Over the last few weeks I’ve been waking up with really bad back pain, I imagine from wrenching and fretting all night, the twisting and turning can’t be good for one’s backside. This latest spat of physical discomfort joins a whole list of aches and pains both serious and mundane, which befalls everyone entering firmly into middle age. A weight problem and predilection to drink haven’t made matters better, eating and drinking are both so easy to do and are generally well tolerated socially until they’re not. Coping with the world turned upside down and seeing the worse of human nature, (like what’s happening in many state capitals with the anti-quarantine protests ), only adds to a sense of dread that I’m all but resigned to. My therapist asked me a few weeks ago how I was managing my stress over everything happening and I confided that eating and drinking were far too easy, I also mentioned that sense of resignation.
Here’s an awesome tag I found in my neighborhood a couple days ago
I think there’s something to the idea of keeping one’s focus on the present, and on what one can fix. Painting in serial fashion actually teaches this lesson well. I often engage in projects that take many months or years to finish. Most of the time I don’t have the materials, times, or courage to do projects according to my vision. So I try the best I can to breakdown the problem into steps and I simply do what I can do, with the foreknowledge that I might not achieve everything I want but at least I tried. That’s my response to the pandemic, relentlessly focusing on the present and a general avoiding what I call my negative chorus.
I just finished a group of drawings in my Puppet Pal Friends series, my seventh since 2002, and as I was finishing the last one I remembered what started me making these works in the first place. I’ve mentioned in other posts that they were inspired by a cartoon within a cartoon of the Cartoon Network show Dexter Laboratory. What I didn’t mention before is that I did the works shortly after grad school when I was short on ideas and scared shitless about how I was going to make it as an artist. There no handbook of course on how to be an artist, and at the time I was simply an academic machine. I did not have many marketable skills and had even less of an appetite for the corporate world than I do today. Now I regard most work for money as a devil’s bargain that the artist puts up with for making ends meet. All the while trying to convince themselves that they are still creative.
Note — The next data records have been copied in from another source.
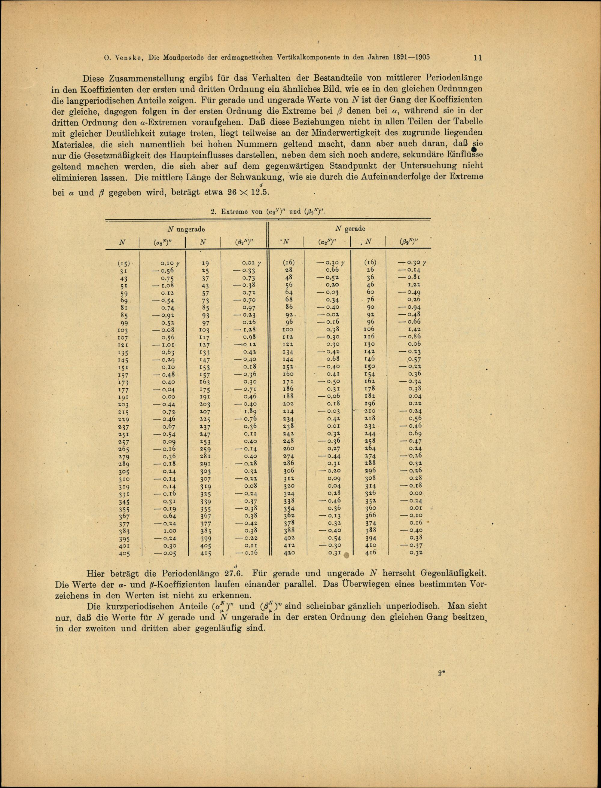 Die Mondperiode der erdmagnetischen Vertikalkomponente nach den Registrierungen des Potsdamer Magnetographen in den Jahren 1891 - 1905 / Oswald Venske
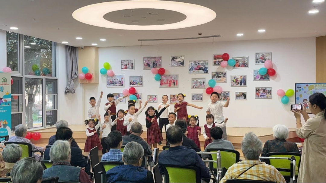 歌舞表演《勇气大爆发》、舞蹈表演《彩虹的微笑》、歌唱童谣《重阳到》、背诵古诗《九月九日忆山东兄弟》……近日,徐汇区龙华街道康文幼儿园大班的小朋友们首次走进社区养老院——怡乐家园养护院,他们用纯真的笑容和充满活力的表演,为养老院的爷爷奶奶们带来了欢乐和活力。
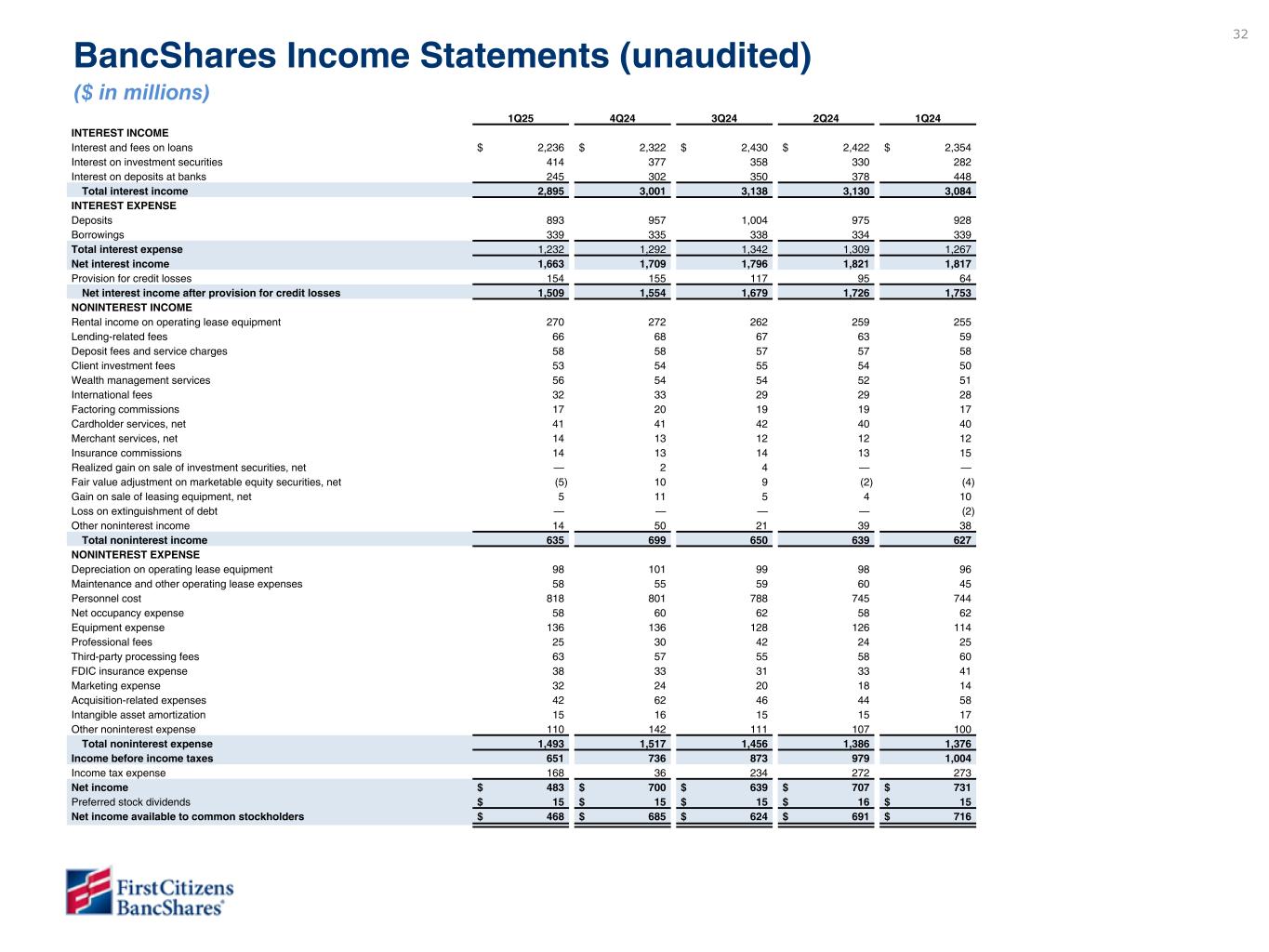 32 1Q25 4Q24 3Q24 2Q24 1Q24利息收入利息贷款及费用$ 2,236 $ 2,322 $ 2,430 $ 2,422 $ 2,354投资证券利息414377358330282银行存款利息245302350378448总利息收入2,8953,0013,1383,1303,084利息费用存款8939571,004975928借款339335338334339总利息支出1,2321,2921,3421,817净利息收入1,6631,7091,7961,8211,817信贷损失准备1541551179564拨备后净利息收入信用损失1,5091,5541,6791,7261,753非利息收入经营租赁设备租金收入270272262259255借贷相关费用6668676359存款费和服务费5858575758客户投资费5354555450财富管理服务5654545251国际费用3233292928保理佣金1720191917持卡人服务净额4141424040商户服务净额1413121212保险佣金1413141315出售投资证券实现收益,净额— 24 ——可出售股本证券的公允价值调整,净额(5)109(2)(4)租赁设备销售收益,净额5115410债务清偿损失————(2)其他非利息收入1450213938非利息收入总额635699650639627非利息费用经营租赁设备折旧98 101999896维修及其他经营租赁费用5855596045人员费用818801788745744净占用费用5860625862设备费用136136128126114专业费用2530422425第三方处理费6357555860 FDIC保险费用3833313341营销费用3224201814收购相关费用4262464458无形资产摊销1516151517其他非利息费用110142111107100非利息费用总额1,4931,5171,4561,3861,376收入所得税前6517368739791,004所得税费用16836234272273净收入483美元700美元639美元707美元731美元优先股股息15美元15美元15美元16美元15美元普通股股东可获得的净收入468美元685美元624美元691美元716美元BancShares损益表(未经审计)(百万美元)
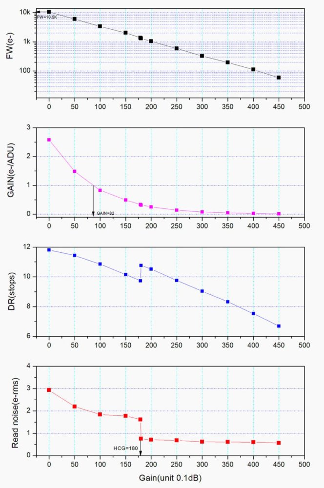 Kamera využívá režim HCG, ve kterém efektivně redukuje čtecí šum při vysokém zisku, což kameře umožňuje udržet stejný vysoký dynamický rozsah jako při nízkém zisku. HCG režim se automaticky aktivuje po dosažení zisku na úrovni 188. Čtecí šum je na velmi nízké úrovni 0,56e- a přesto dynamický rozsah dosahuje úrovně blízkou 11 bitům.
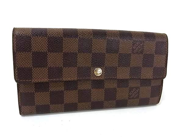 1円 LOUIS VUITTON ルイヴィトン N61734 ダミエ ポルトフォイユ サラ 二つ折り 長財布 ウォレット ブラウン系 FQ2646
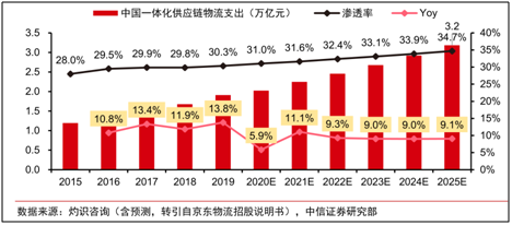 因为有越来越多的厂家发现一体化供应链有很多优势,所以近年来,这个市场的发展速度非常迅猛。2020 年我国一体化供应链市场规模将达到2万亿人民币,预计到 2025 年将进一步增长到3.2 万亿人民币,复合年增长率为 9.5%。渗透率预计将由 2020 年的 31.0%增长到 2025 年的 34.7%。

I’ve been luckier than most in that I’ve avoided being tied down to a job I cared too much about. The downside, of course, is that I’m far poorer than my peers because of it. In any case, Puppet Pal Friends came to me like a lightning bolt. It was meant to be a quick drawing exercise designed to loosen the hand and open up alternative ways of organizing pictorial space, and as a means to talk to myself. I’ve lost some of that rawness with successive series in this set of pieces. The works, which I do yearly now, feel very balanced and less free than earlier ones, even though I find myself liking them more. What has stayed consistent from the very first iteration of this series is that the drawings are autobiographic. I find it very useful to have this set of pieces to go to in order to unburden myself of thoughts I don’t quite know what to do with. Every series has words in it, often buried and not designed to be read. I like how the letters just turn into compositional marks. The works are my musings. I’m usually happy no one can really read them because I’m not a poet, my writing style, like my artwork, is very pregnant, full of too much. Here are the first Puppet Pal Friends pieces I did back in 2002 simply called “Puppet Pal Friends” and the latest iteration I call “Puppet Pal Friends Hold Fast To Hard Dreams.”
I’ve been in a classic rock mood lately. Actually, I’m still all over the place but classic rock seems to be winning the battle more times than not. I’ve moved from my CSNY thing and now I’m back home with my Led Zeppelin thing added with a bit of Queen. Here are two songs I’ve had on rewind. Led Zeppelin’s “Bron-Y_Aur Stomp” and Queen’s “Let Me Entertain You”. Here are some YouTube videos for your listening pleasure.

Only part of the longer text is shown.